(127b) Accelerated Virus-Less Generation of Stable Insect Sf9 Cell Lines for High-Yield Production of Influenza Vaccines

Current manufacturing of vaccines in insect Sf9 cell line relies on the Baculovirus Expression Vector System, which is limited by virus-induced cell lysis. Thus, there is an interest in the field towards virus-less gene expression to simplify the costly product purification process. Current virus-less methods are based on random integration of the gene of interest into the genome, which generates a heterogeneous cell population with a wide distribution in both protein expression and growth rate. This population is unstable over time hampering the reproducibility of vaccines production. Therefore, a high-yield stable cell line is typically isolated by limiting dilution, a low-throughput process that can take up to 8 weeks. To accelerate the generation of stable cell lines, a potential solution is to use site-specific genome editing tools such as CRISPR to rapidly create more homogenous, high-yield populations. However, the lack of genomic information of the Sf9 cell line has hindered the design of key CRISPR components and limited its utilization.

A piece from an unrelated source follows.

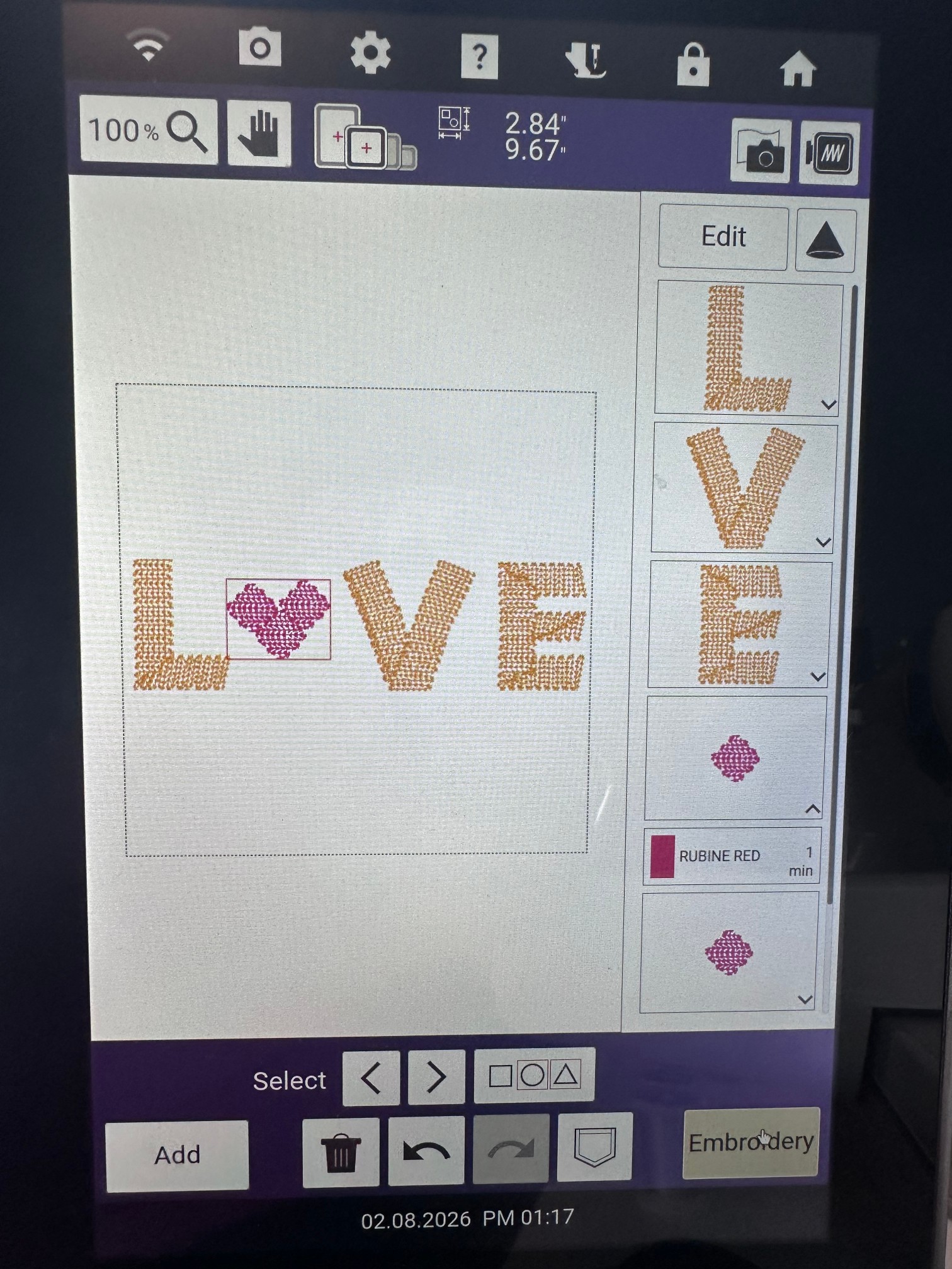 12. All the letters will be placed in the center of the hoop. Use the Move and Alignment Keys to line of the letters into the word LOVE.

Taking advantage of the recently published Sf9 genome, we successfully employed bioinformatics tools and identified hypothetical genes responsible for nonhomologous end joining (NHEJ). More importantly, we confirmed their biological function, as their knockout via CRISPR resulted in stable Sf9 cell lines with improved efficiency in site-specific gene integration through homologous directed repair (HDR). These engineered Sf9 cell lines have enabled rapid generation of high-yield stable cell lines without the need for limiting dilution. Specifically, two Sf9 stable cells lines each producing high-yield influenza hemagglutinin subtype 1 (H1) and subtype 3 (H3) were generated within just one week. In addition to improving the efficiency of HDR for gene knockin, NHEJ-gene KO also improved the efficiency of using CRISPR to knockout other genes that are important for expressing human-like glycosylated H1/H3 proteins for vaccination. This system enables high-throughput production of recombinant HA to develop improved vaccines for each year’s influenza season. Future work will focus on the production of more complex protein therapeutics such as multivalent subunit vaccines or complex virus-like particles. The accelerated generation of insect cell lines offers an attractive platform to advance the development and manufacture of any protein therapeutic.